Rather than focusing exclusively on isotopic analyses and related dietary issues – which we categorised within a bone as body framing in the pyLDAvis discussion – we discovered in the documents multiple discussions that clearly engaged with bone as an object. For example, we see documents that discuss crafted artefacts made from bone, such as bone flutes, painted bones, and other portable objects (Emery 2008). In some cases, these appear in the same article as discussion of human bone – particularly in the case of burial contexts – and in others not. In order to understand this unexpected appearance of examples of bone as object within an apparent bone as body framing, we manually checked whether discussions of isotopic analyses co-appeared in the articles in which bone artefacts were being discussed; they did not. Another notable linkage may meaningfully position these bone artefacts in conversation with discussions of isotopes and diet: both of these foci deal with partibility and subsequent transformations of bone (i.e. it can be segmented and then modified such that it has different characteristics and functions). In this way these disparate examples of bone (e.g. flutes, isotope samples) share some key material and relational characteristics that cross body and object categories and suggest some similarities in how archaeologists frame these entities in their writing.
In addition to artefacts made out of bone, bone-as-object also appeared within this ostensibly body-orientated topic-cluster in several articles that discussed bone being used as ceramic temper (Fargher 2007; Levine et al. 2015; Neff et al. 2006; Sharer et al. 2006). These examples were extremely interesting to us because they take ideas of partibility and transformation of bone to an extreme. In grinding up bone to act as temper in the process of ceramic production, bone is reduced and changed as a substance (and adopts a transformed function) in a way that is perhaps analogous to samples prepared for isotopic analysis. This highlights in a more dramatic way the transformation of bone material, again intriguing in terms of its appearance under an isotope/diet topic-cluster, which in turn fits into the bone as body framework. This represents a next step beyond partibility, with bone understood to be meaningful, identifiable, and analytically communicative, even if it is no longer visually apparent as bone.
In this way, very different manifestations of bone, research questions, and associated analytical processes co-occur, suggesting that the division between bone as body and bone as object at times pales in significance compared to shared understandings of bone as changeable, while still maintaining meaning and identity as an archaeologically meaningful and interpretable substance. Through this third type of analysis, we mostly clearly identified structured and patterned framings for our test case of 'bone', finding both results that conformed to anticipated disciplinary expectations, but also ones that were more surprising, opening the door to insights into associated beliefs or expectations.
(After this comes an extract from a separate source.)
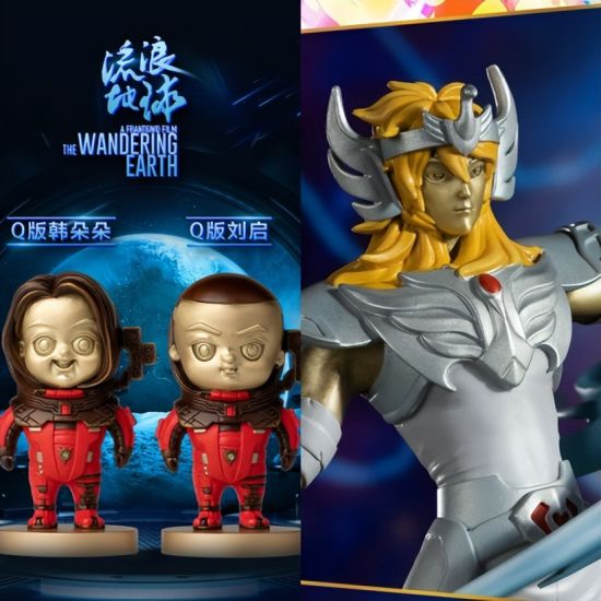 再比如“流浪地球”系列联名,铜师傅选择在角色脸部保留铜材质的色泽质感,但视觉层面却对粉丝“折磨”不小。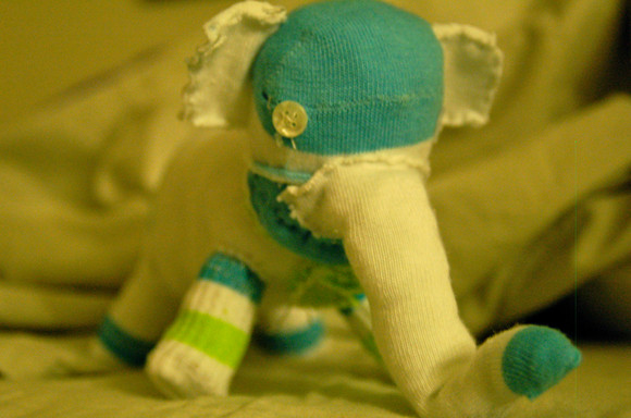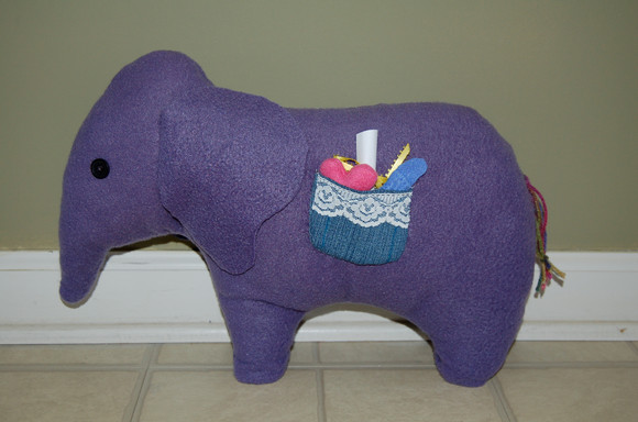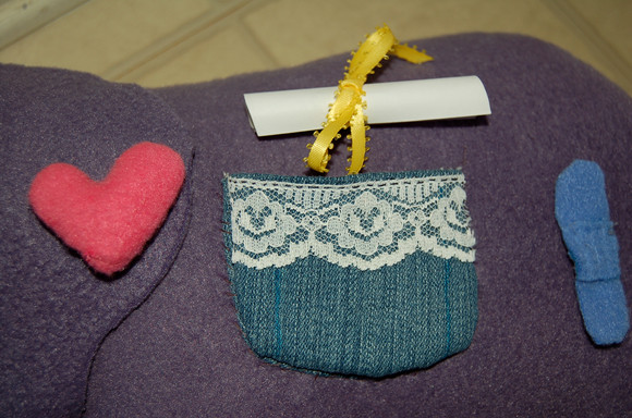 The mallet heads are facing outwards, and they also look ugly, so I covered them with little coverings I made out of fleece. On the left side is a duck, and on the right side is a turtle.

We are intrigued by the possibilities for deeper awareness on two fronts that emerge from our analyses. The first is a sense of the multiple conceptual positions contained within, rather than simply between, articles. That is, rather than solely revealing differences in framings that might correspond to differing theoretical or methodological approaches between researchers (and between their scholarly writings), we also note evidence of shifts in writers' framings of bone happening at an intra-article level. This is important because it identifies productive spaces of connection and overlap between scholarship that might seem methodologically or theoretically distinct at first glance. It also illuminates productive places of conceptual friction (in Tsing's (2004) sense of conflict or interaction that leads to changed states) occurring within single works, places that may be rich for deeper investigation.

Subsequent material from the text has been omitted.